Hi,
We would like to based our future product on couchbase - but no matter what we are doing the query perfomance is very slow…
Im running a single node on a server with 40 logical processors and 128 GB with fast HDDs.
I have a single bucket with only 300K documents (our target is 10B per customer).
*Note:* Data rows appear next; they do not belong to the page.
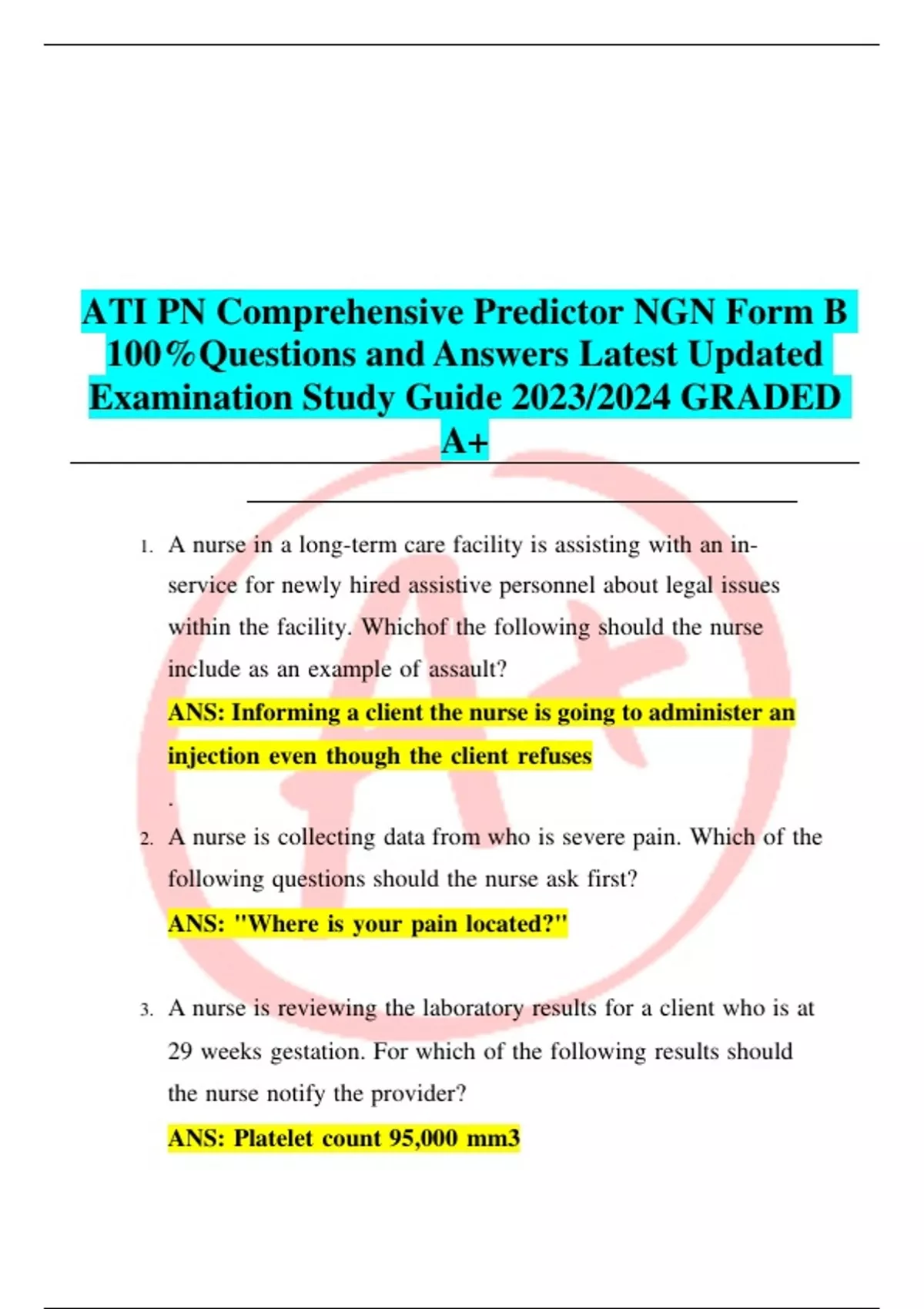 ATI PN Comprehensive Predictor NGN Form B 100% Questions and Answers Latest Updated Examination Study Guide 2023/2024 GRADED A+ 1. A nurse in a long-term care facility is assisting with an in- service for newly hired assistive personnel about legal issues within the facility. WhichofIthe following should the nurse include as an example ofIassault? ANS: Informing a client the nurse is going to administer an injection even though the client refuses . 2. A nurse is collecting data from who is severe pain. Which of the following questions should the nurse ask first? ANS: "Where is your pain located?" 3. A nurse is reviewing the laboratory results for a client who is at 29 weeks gestation. For which of the following results should the nurse notify the provider? ANS: Platelet count 95,000 mm3 4. A nurse is performing a dressing change for a client who had abdominal surgery 5 day s ago. The nurse notes organs protruding from the incision. Which of the following act ions should the nurse take? ANS: Cover the exposed area with sterile, saline-soaked dressings. 5. A nurse is speaking with the adult daughter ofIa client who has Alzheimer's disease. T he daughter states, "I love my dad, but caring for him is wearing me out." Which of th e following response should the nurse make? ANS: "Let's discuss how caring for your father is afollowingecting your health. 6. A nurse is contributing to the plan ofIcare for a care for a client who has chest tube co nnected to a closed drainage system. Which ofIthe following actions should the nurse i nclude in the plan of care? ANS: Maintain the drainage system below the level ofIthe client's chest. 7. A nurse in an acute mental health facility is caring for a client who has borderline personality disorder and reports. "I am going to kill my girlfriend when I get out ofIhere." Which ofIthe following actions should the nurse take? ANS: Notify the client's care team of the threats against the partner 8. A nurse is admitting a client who is at high risk for suicide. Which ofIthe following actions is the nurse's priority? ANS: Search the client's personal belongings 9. A nurse is caring for a client who is 1 day postoperative and is unable to ambulate. W hich ofIthe following actions should the nurse take to promote the client's venous return? ANS: Maintain the sequential compression device.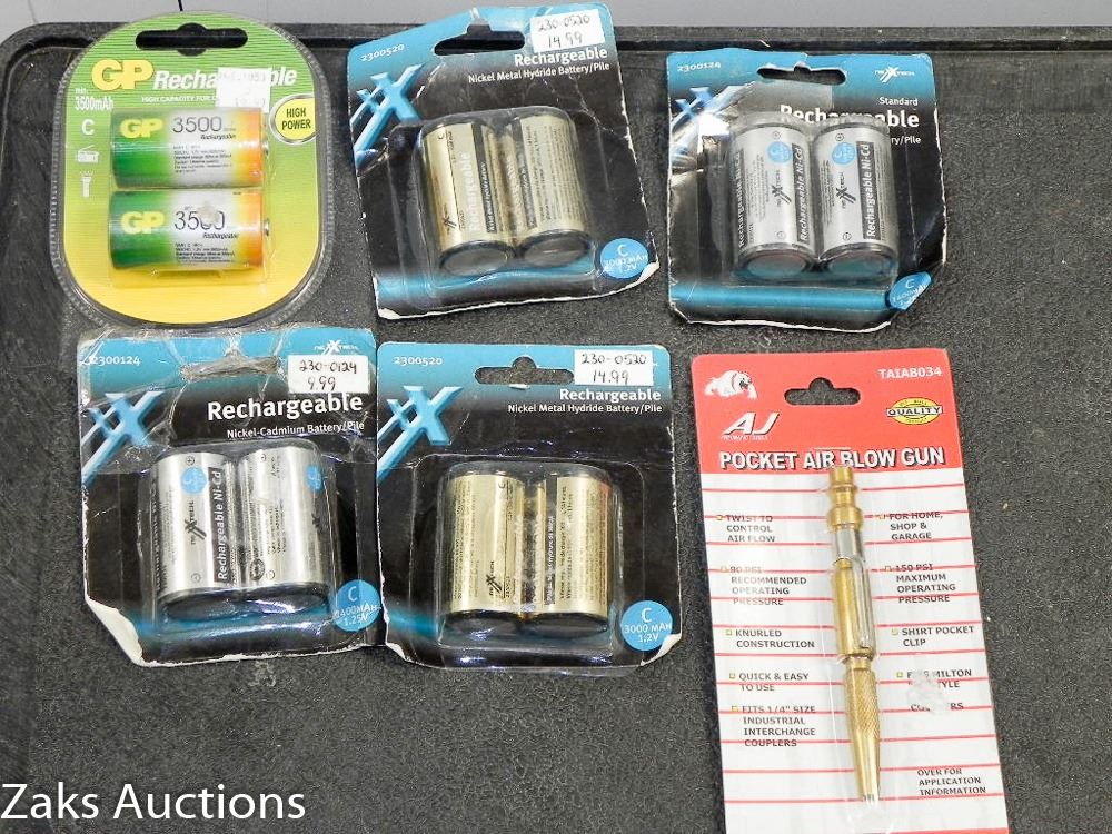 LOT OF 5 RECHARGEABLE BATTERIES AND 1 POCKET AIR BLOW GUN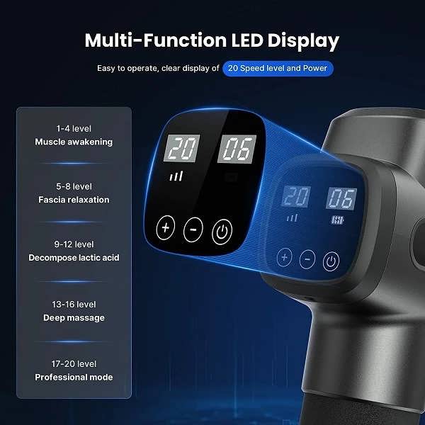 ماساژور تفنگی رنفو دارای 20 حالت سرعت مختلف است که به شما امکان میدهد تا قدرت ماساژ را متناسب با نیاز خود تنظیم کنید. از سرعتهای کم برای ماساژ ملایم و آرامشبخش و از سرعتهای بالا برای ماساژ عمیق و ریکاوری عضلات بعد از تمرینات ورزشی استفاده کنید.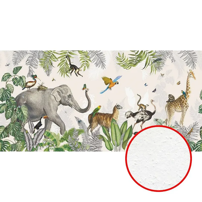 - Флизелиновая фреска размером 6х3 метра с рисунком "Листья, животные, птицы".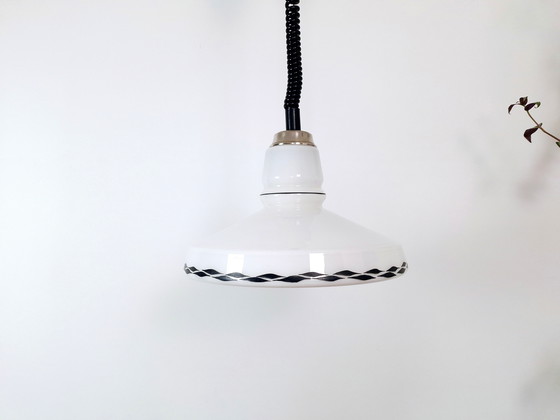 Een prachtige hanglamp gemaakt in de jaren 70. De kroonluchter heeft een prachtig melkglas met zwarte versiering.

Each document contains 20 integers and 10kb image file (as byte array).
I setup primary and secondary indexes:
- CREATE PRIMARY INDEX
#primary
ONsuspectentity
USING GSI - CREATE INDEX
IndexBasic
ONsuspectentity
(time
,channelId
) USING GSI
I setup 20GB RAM for bucket and 100GB RAM for indexes.
I query only by time range and channelId with max results of 10k documents. for example:
SELECT * from suspectentity where time >= ‘2016-01-31T09:00’ and time <= ‘2016-01-31T13:00’ and channelId=12 LIMIT 10000;
The EXPLAIN shows that CB uses the correct index scan:
cbq.exe> EXPLAIN SELECT * from suspectentity where time >= ‘2016-01-31T09:00’ and time <= ‘2016-01-31T13:00’ and channelId=12 LIMIT 10000;
{
“requestID”: “550a42a7-1691-40af-9956-de92d0fd746e”,
“signature”: “json”,
“results”: [
{
“#operator”: “Sequence”,
“~children”: [
{
“#operator”: “Sequence”,
“~children”: [
{
“#operator”: “IndexScan”,
“index”: “IndexBasic”,
“keyspace”: “suspectentity”,
“namespace”: “default”,
“spans”: [
{
“Range”: {
“High”: [
"“2016-01-31T13:00"”,
“12”
],
“Inclusion”: 3,
“Low”: [
"“2016-01-31T09:00"”,
“12”
]
}
}
],
“using”: “gsi”
},
{
“#operator”: “Parallel”,
“~child”: {
“#operator”: “Sequence”,
“~children”: [
{
“#operator”: “Fetch”,
“keyspace”: “suspectentity”,
“namespace”: “default”
},
{
“#operator”: “Filter”,
“condition”: “(((“2016-01-31T09:00” \u003c= (suspectentity
.time
)) and ((suspectentity
.time
) \u003c= “2016-01-31T13:00”)) and ((suspectentity
.channelId
) = 12))”
},
{
“#operator”: “InitialProject”,
“result_terms”: [
{
“expr”: “self”,
“star”: true
}
]
},
{
“#operator”: “FinalProject”
}
]
}
}
]
},
{
“#operator”: “Limit”,
“expr”: “10000”
}
]
}
],
“status”: “success”,
“metrics”: {
“elapsedTime”: “17.0171ms”,
“executionTime”: “17.0171ms”,
“resultCount”: 1,
“resultSize”: 2898
}
}
The query time is more then 60 seconds (for 10K results set), while on MS SQL Server we are getting results very fast (1-3 seconds). Please note that if I TAKE only 10 raws (and not 10K) then the results are 1-2 seconds.
Can anyone please give us support in order to understand the problem or maybe tell us that this is the expected perfomance.